Objective Overall Response Rate	up to 3 years	The 1999 international response criteria (http://www.ncbi.nlm.nih.gov/pubmed/10561185) as published by Cheson was used for the definition of target lesions and CT scans were used for response assessment. CR(complete response)/CRu(unconfirmed complete response) requires disappearance of all target lesions; PR (partial response) requires \>=50% decrease in the sum of the products of the greatest diameters; Overall Response (OR)=CR/CRu+PR.

Secondary Outcome Measures

Name	Time	Method
Time to Progression	up to 3 years	Defined as the time from the first day of treatment until the date PD(progressive disease) or death is first reported. Patients who died without a reported prior progression was considered to have progressed on the day of their death. Patients who did not progress was censored at the day of their last tumor assessment. According to the 1999 international response criteria as published by Cheson, progression/progressive disease is defined as \>=50% increase from nadir in the sum of the products of the greatest diameters of any previously identified abnormal node for PRs or nonresponders, or appearance of any new lesion during or at the end of therapy.
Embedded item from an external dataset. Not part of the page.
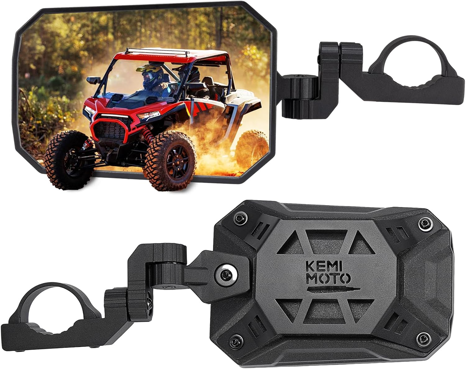 KEMIMOTO UTV Side Mirrors, One Mirror Two Purposes 8" x 5.3" Wide View for 1.65-2 inch Roll bar Compatible with Polaris RZR/Can Am X3/Pioneer/Talon/Teryx/CFMOTO Tool-free Multi-Adjustment Fit Big UTV

Duration of Response	up to 3 years	Duration of response was measured from the time measurement criteria are met for CR(complete response)/CRu(unconfirmed complete response)/PR(partial response), whichever was first recorded, until the first date that PD(progressive disease) was objectively documented. According to the 1999 international response criteria as published by Cheson, CR/CRu is defined as the disappearance of all target lesions; PR is defined as \>=50% decrease in the sum of the products of the greatest diameters; PD is defined as \>=50% increase from nadir in the sum of the products of the greatest diameters of any previously identified abnormal node for PRs or nonresponders, or appearance of any new lesion during or at the end of therapy.
Overall Survival	up to 3 years	Defined as the time from the first day of therapy to the date of death. If the patient was lost to follow-up, survival was censored on the last date the patient was known to be alive.